**Directions:** Each line from the one with "活动伊始,德国工程学院李伟光" through the last line of the material is to be printed exactly; no other line and no picture belongs in the copy.

**Data segment:**
- - -
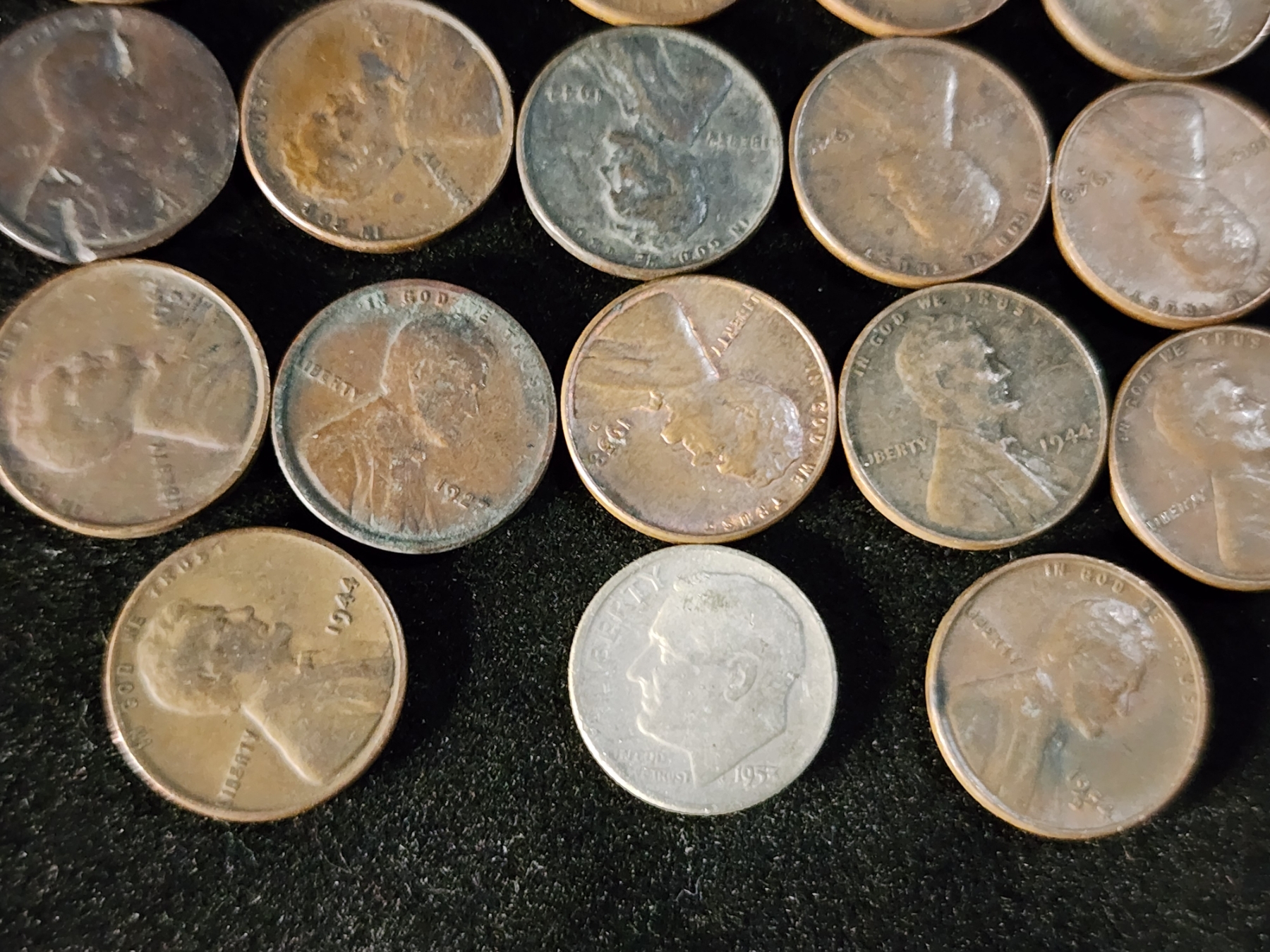 Lot of Assorted US Collectible Coins Ft. 1 Silver Dime & 3 Wartime Silver Nickels Along With 22 Wheat Pennies! TOTAL FACE VALUE = $0.47
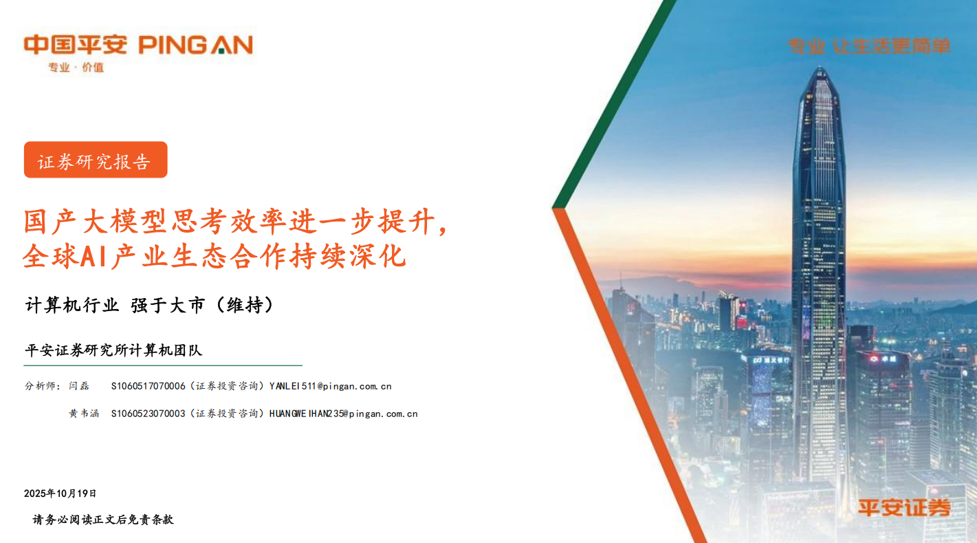 计算机行业国产大模型思考效率进一步提升全球AI产业生态合作持续深化
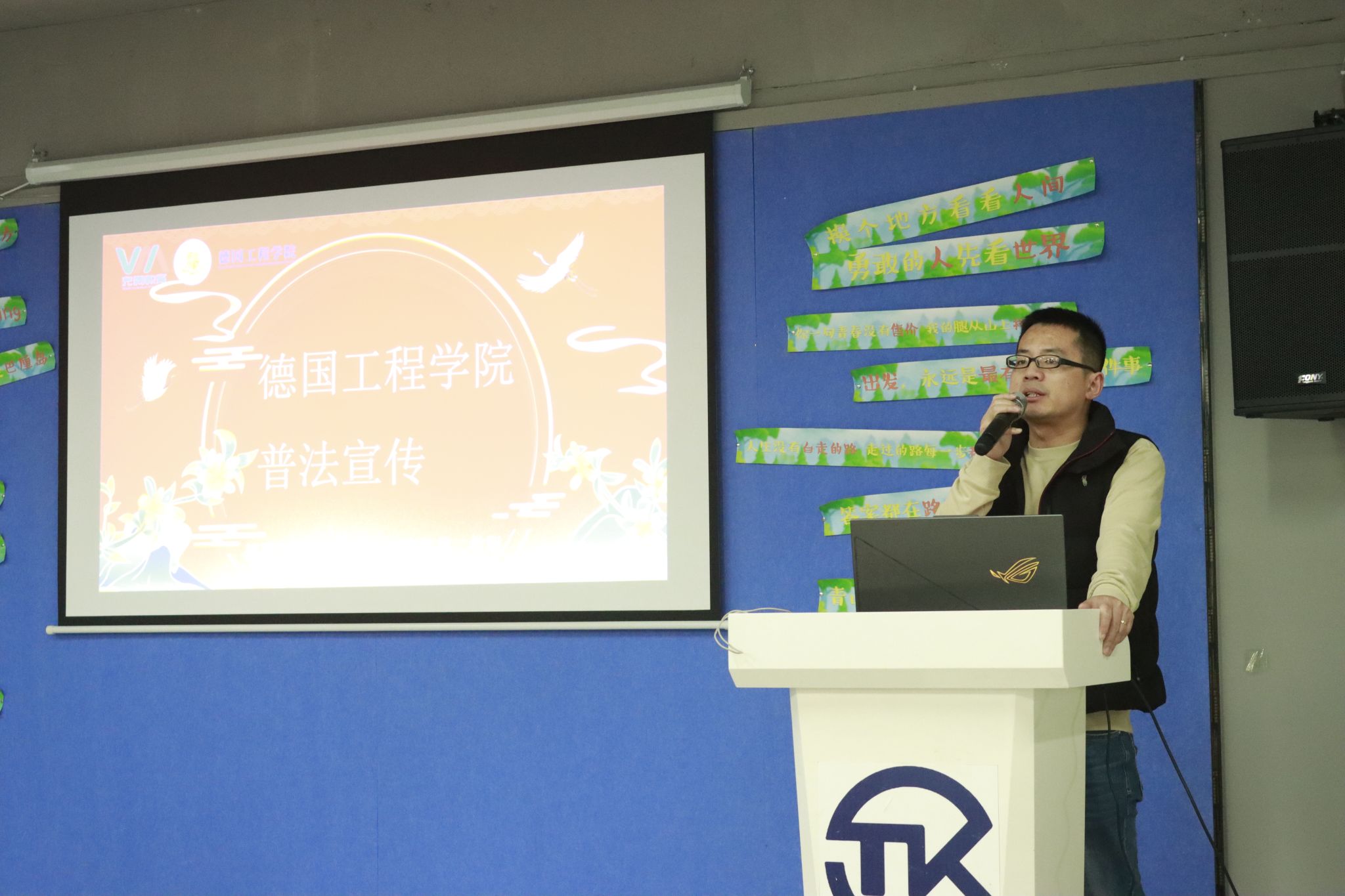 活动伊始,德国工程学院李伟光副院长发表了致辞并欢迎范部长的到来。李院长强调了法制教育的重要性,并鼓励学生干部们积极参与普法活动,增强法律意识,为构建和谐社会贡献自己的力量。
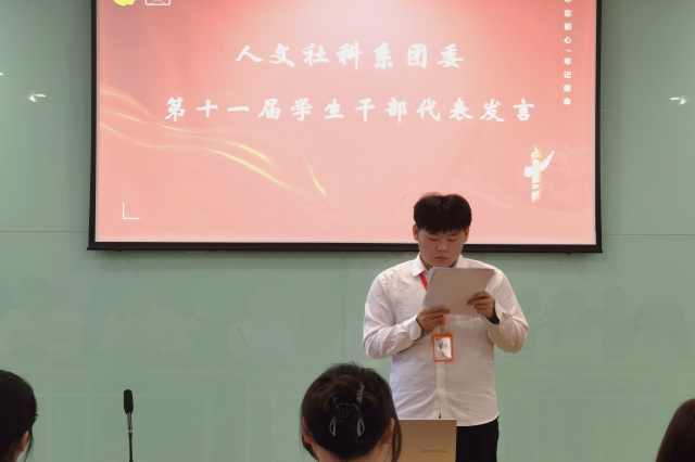 会议伊始,首先由系团委第十一届委员会学生干部代表韩贻超上台做工作总结,他回顾了过去一年系团委在思想引领、组织建设、校园文化等方面取得的成绩,同时也指出了存在的不足和需要改进的地方。
- - -
**Answer section:**
 活动伊始,德国工程学院李伟光副院长发表了致辞并欢迎范部长的到来。李院长强调了法制教育的重要性,并鼓励学生干部们积极参与普法活动,增强法律意识,为构建和谐社会贡献自己的力量。
 会议伊始,首先由系团委第十一届委员会学生干部代表韩贻超上台做工作总结,他回顾了过去一年系团委在思想引领、组织建设、校园文化等方面取得的成绩,同时也指出了存在的不足和需要改进的地方。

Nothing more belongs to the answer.